The experience and observation of nine years, would qualify me for being
a competent witness upon this subject, could I safely trust to the
report of Memory, after an interval of more than thirty-three years.
But, in the course of so long a period, the ideas of past scenes and
transactions, grow indistinct; and I am aware, that what I have seen,
and what I have only heard related, may, by this time, have become so
insensibly blended together, that, in some cases, it may be difficult
for me, if not impossible, to distinguish them, with absolute certainty.
It is, however, my earnest desire, and will therefore engage my utmost
care, that I may offer nothing in writing, as from my own knowledge,
which I could not chearfully, if requisite, confirm upon oath.

That part of the African shore, which lies between the river
Sierra-Leon, lat. 8. 30. N. and Cape Palmas, is usually known by the
name of the Windward, or Grain Coast. The extent (if my recollection
does not fail me) is about one hundred and fifty leagues. There is a
fort upon Benee Island, in Sierra-Leon, which formerly belonged to the
old African Company: they also had a fort on an island in the river
Sherbro; but the former was in private hands, and of the latter,
scarcely the foundations were visible, when I first went to Africa.
There is no fort, or factory, upon this coast, under the sanction of our
Government; but there were, as I have said, and probably still are,
private traders resident at Benee Island, at the Bananoes, and at the
Plantanes. The former of these is about twelve, and the latter twenty
leagues, from Sierra-Leon, to the South-East.

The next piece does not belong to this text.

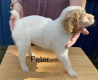 "Angel" is the daughter of NGDC/DC/AFC/GFC Starlight’s Mercury Out Ryder & Dancing Bree’s Sweet Little Rose. For this breeding I was looking for a strong field trial gun dog to breed to a strong hunting dog. So far, the breeding has given me a smart, driven and bird crazy puppy. Angel has shown signs to be a strong Gun Dog. I am looking forward to watching her grow and see how she develops through training to be a Gun Dog.
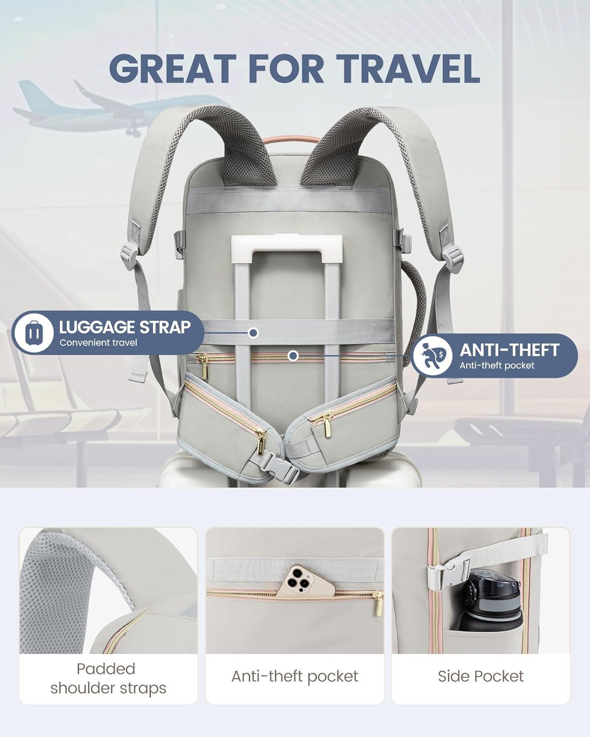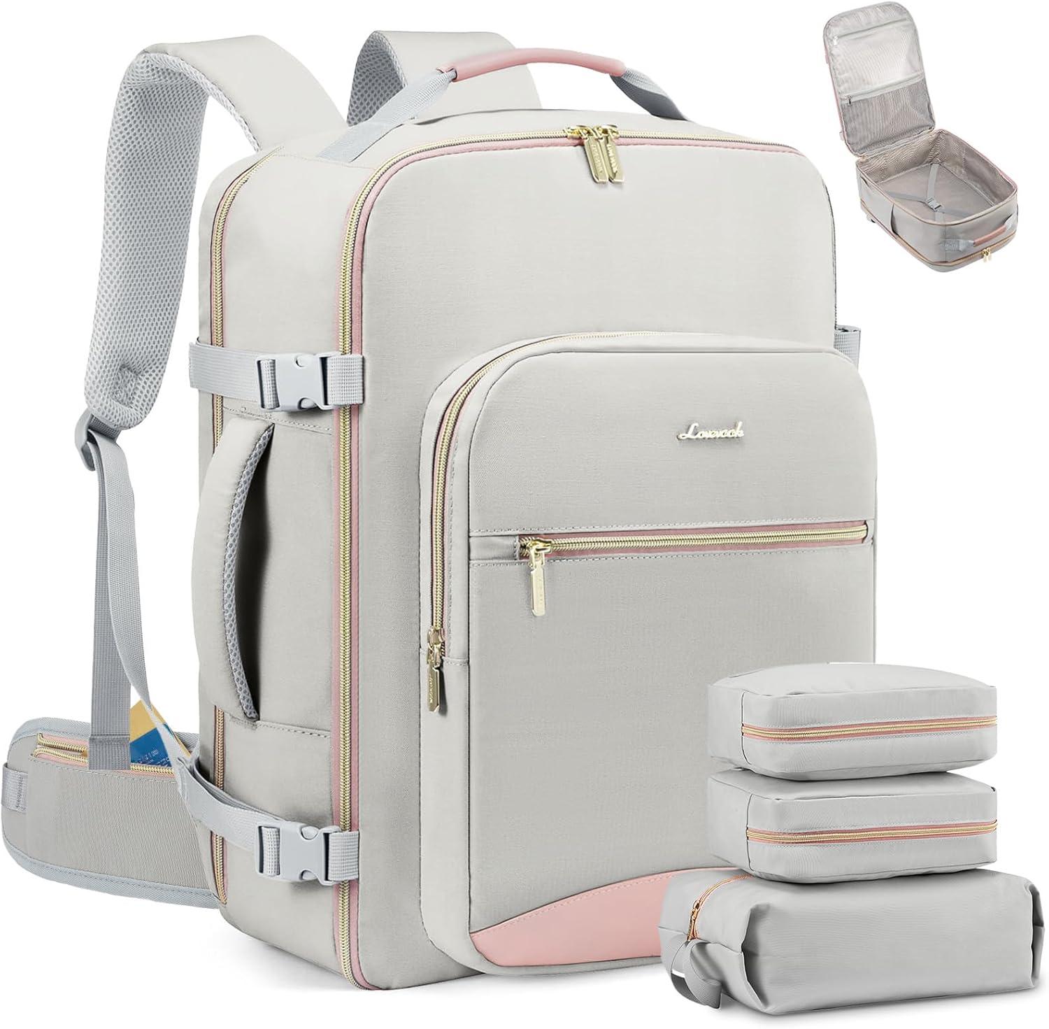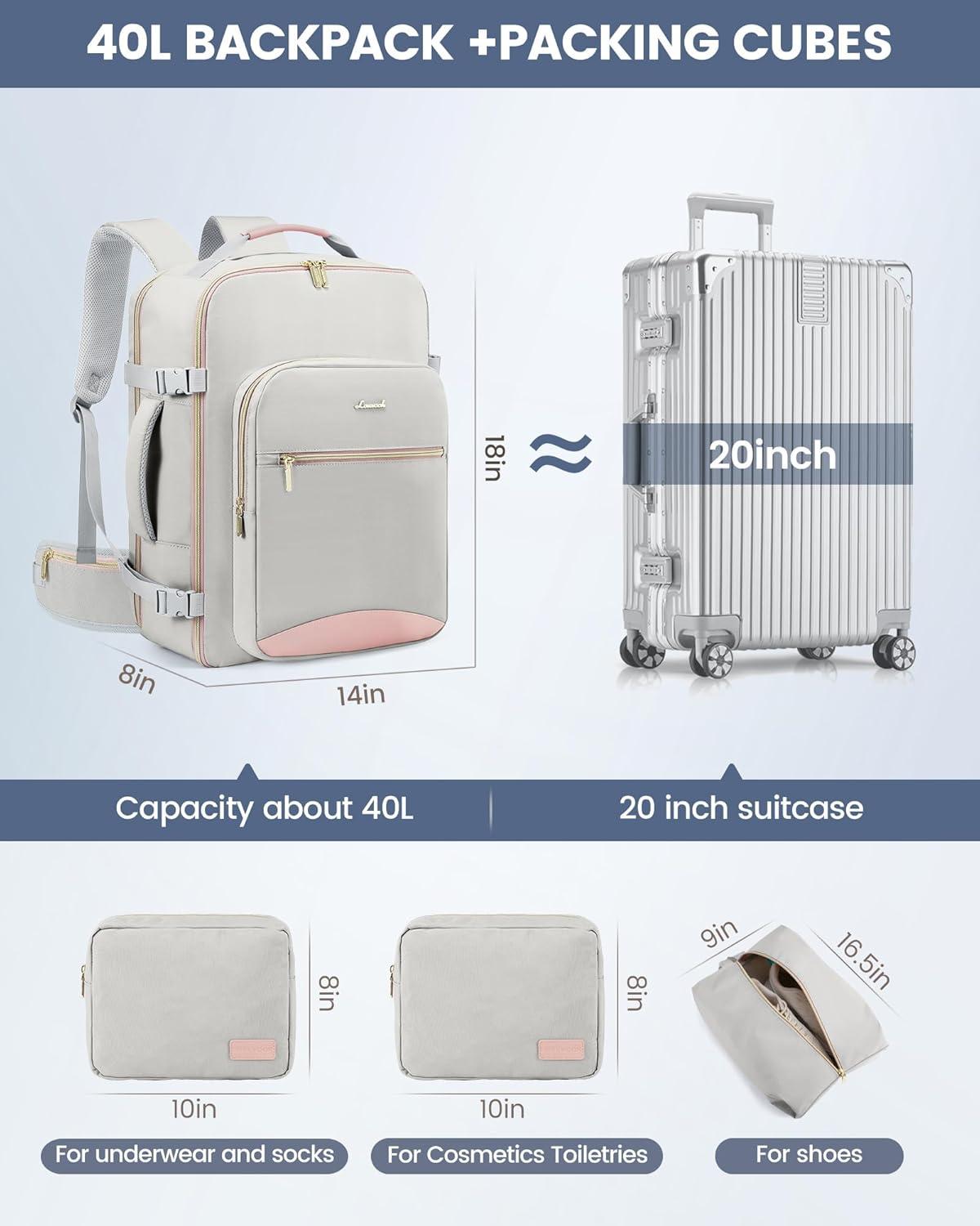 imageLOVEVOOK Travel Backpack for Women ampamp Men 40LAirline Approved Carry On Backpack Travel EssentialsTSA Carry on LuggageWaterproof Personal Item Travel BagSuitcase with 3 Packing CubesLight grayPinkBeigeblack

By these persons, the trade is carried on, in boats and shallops, thirty
or forty leagues to the northward, in several rivers lying within the
shoals of Rio Grande. But the most northerly place of trade, for
shipping, is Sierra-Leon, and the business there, and in that
neighbourhood, is chiefly transacted with the white men: but from
Sherbro to Cape Palmas, directly with the natives. Though I have been on
the Gold Coast, and beyond it as far as Cape Lopez, in the latitude of
one or two degrees South, I profess no knowledge of the African trade,
but as it was conducted on the Windward Coast when I was concerned in
it.

I am not qualified, and if I were, I should think it rather unsuitable
to my present character, as a Minister of the Gospel, to consider the
African Slave Trade, merely, in a political light. This disquisition
more properly belongs to persons in civil life. Only thus far my
character as a Minister will allow, and perhaps require me, to observe,
that the best Human Policy, is that which is connected with a
reverential regard to Almighty God, the Supreme Governor of the Earth.
Every plan, which aims at the welfare of a nation, in defiance of his
authority and laws, however apparently wise, will prove to be
essentially defective, and, if persisted in, ruinous. The Righteous Lord
loveth Righteousness, and He has engaged to plead the cause, and
vindicate the wrongs of the oppressed. It is Righteousness that exalted
a nation; and Wickedness is the present reproach, and will, sooner or
later, unless repentance intervene, prove the ruin of any people.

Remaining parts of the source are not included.